The biggest, and fastest growing, trading route is from Britain to India, where authorities are increasingly worried about the dirty business of turning waste rubber into oil - a process called pyrolysis.


Reuters has interviewed dozens of players in the waste tyre business in India, Malaysia, Britain, Singapore and Dubai - including garages, collectors, exporters and end users - to find out who makes money from waste tyres.

 

COLLECTERS AND SELLERS

In Britain, the largest exporter of waste tyres, garages charge motorists around 2 pounds ($2.50) to take away their tyres, and then, in turn, pay collectors around 1 pound to take them off their hands.


Once collected, the tyres are bound into bales, which allows about 3,000 to be squeezed into a 40-foot shipping container, ready for export. The baled tyres are sold to exporters at around 260 pounds per container.


Exporters then arrange sales to Indian importers. While their margins are slim - around 60 pounds per container - these firms ship hundreds of containers every month.


Importers in places like India and Malaysia told Reuters they pay between $1,500-$2,500 per container of tyres, around 75 percent of which is the shipping cost.

 

BUYERS AND BURNERS

Once in India, the tyres are dispersed between recyclers who shred them for use in road-building or sports fields, firms that burn them as cheap fuel to make cement or bricks, and pyrolysis operations that turn the waste rubber into low-quality oil, carbon black and scrap metal.
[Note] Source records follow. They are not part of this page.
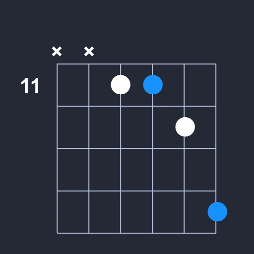 - Play a barre on the 11st fret from the 3rd string to the 4th string.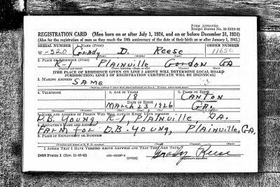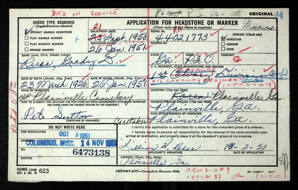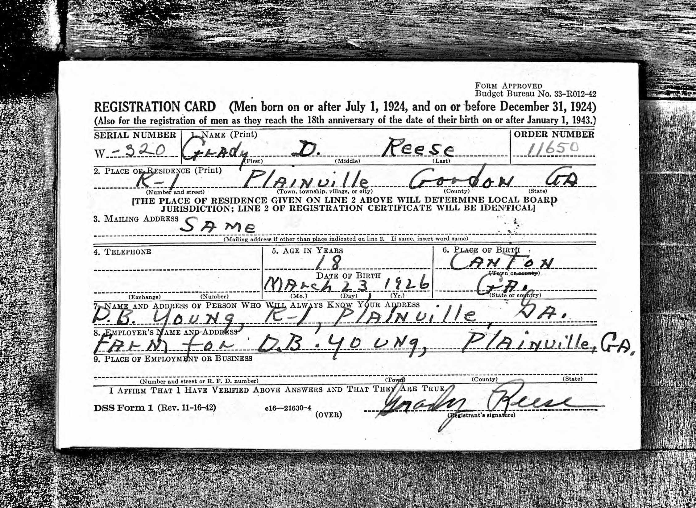 Private First Class Grady D. Reese was born on 23 March 1926 at Canton, Georgia, the son of Ralph Augustus Reese and Ruby Inez Young. Husband of Lillian Harris.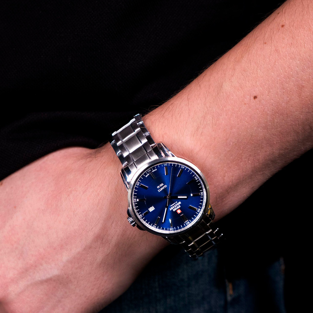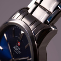 Корпус: Корпус выполнен из нержавеющей стали. Синий циферблат. Стрелки и часовые индексы из полированного металла. Минеральное стекло с сапфировым покрытием. Водонепроницаемость 100 метров. Диаметр 40 мм.
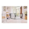 CombiFit XL je navrhnutý s ohľadom na flexibilitu. Zábranu je možné nastaviť do rôznych uhlov, aby sa prispôsobila tvaru miestnosti – či už chcete tvar polmesiaca alebo mierne zakrivenú konštrukciu. Máte voľnosť v umiestnení jednotlivých dielov tak, aby čo najlepšie vyhovovali vášmu priestoru. Zábranou môžete ľahko prejsť pomocou širokých dverí, ktoré je možné otvoriť z oboch strán jednou rukou – užitočná funkcia v uponáhľanom živote. Vďaka svojmu flexibilnému dizajnu a robustnej konštrukcii je BabyDan CombiFit XL spoľahlivým riešením na vytvorenie bezpečného prostredia vo väčších priestoroch. Možno neobmedzene predlžovať pomocou ľubovoľného počtu predĺžení (33 alebo 72 cm predĺženie sa predávajú zvlášť)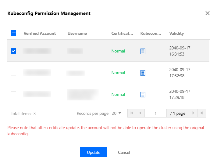 4. In the displayed "Kubeconfig Permission Management" window, select the required authentication accounts and click Update as needed. As shown in the following figure:

For each container of tyres, backyard pyrolysis operations can make around $2,500 worth of oil, $300 of steel scrap and $200 of carbon black, according to plant operators. That means a profit of between $500 to $1,500 per container.


Given that rudimentary Chinese-made pyrolysis machines can be bought for as little as $30,000, backyard businesses can quickly make back their money.


The problem is that the cheap machines are also highly polluting. More sophisticated equipment that limit emissions and waste can cost ten times more in India, according to local authorities.